Work instructions → Each line from the one with "- W skład zestawu" through the last line below must be written out exactly. Do not copy pictures.

Material provided →
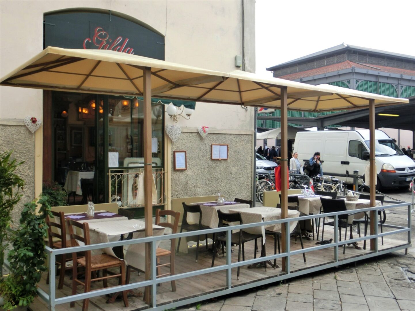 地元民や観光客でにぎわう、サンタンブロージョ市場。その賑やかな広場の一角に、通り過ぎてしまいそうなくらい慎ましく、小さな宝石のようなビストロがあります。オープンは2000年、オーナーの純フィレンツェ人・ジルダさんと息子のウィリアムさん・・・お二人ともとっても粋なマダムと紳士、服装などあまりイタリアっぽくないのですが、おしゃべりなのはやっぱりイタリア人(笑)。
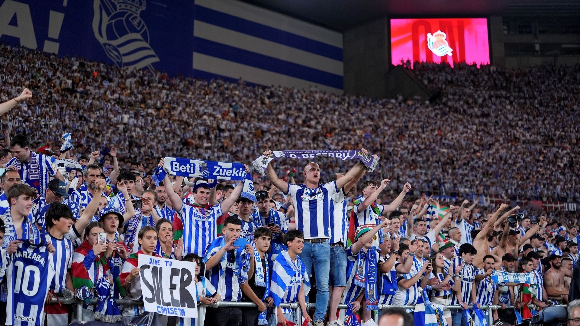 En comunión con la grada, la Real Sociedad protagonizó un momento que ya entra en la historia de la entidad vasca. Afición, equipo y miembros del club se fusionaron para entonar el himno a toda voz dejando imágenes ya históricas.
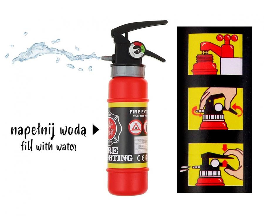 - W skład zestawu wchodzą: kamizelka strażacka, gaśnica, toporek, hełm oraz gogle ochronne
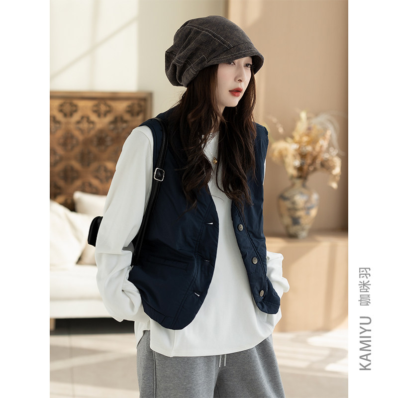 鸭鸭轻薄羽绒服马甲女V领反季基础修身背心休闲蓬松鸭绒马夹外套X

Task result →
 - W skład zestawu wchodzą: kamizelka strażacka, gaśnica, toporek, hełm oraz gogle ochronne
 鸭鸭轻薄羽绒服马甲女V领反季基础修身背心休闲蓬松鸭绒马夹外套X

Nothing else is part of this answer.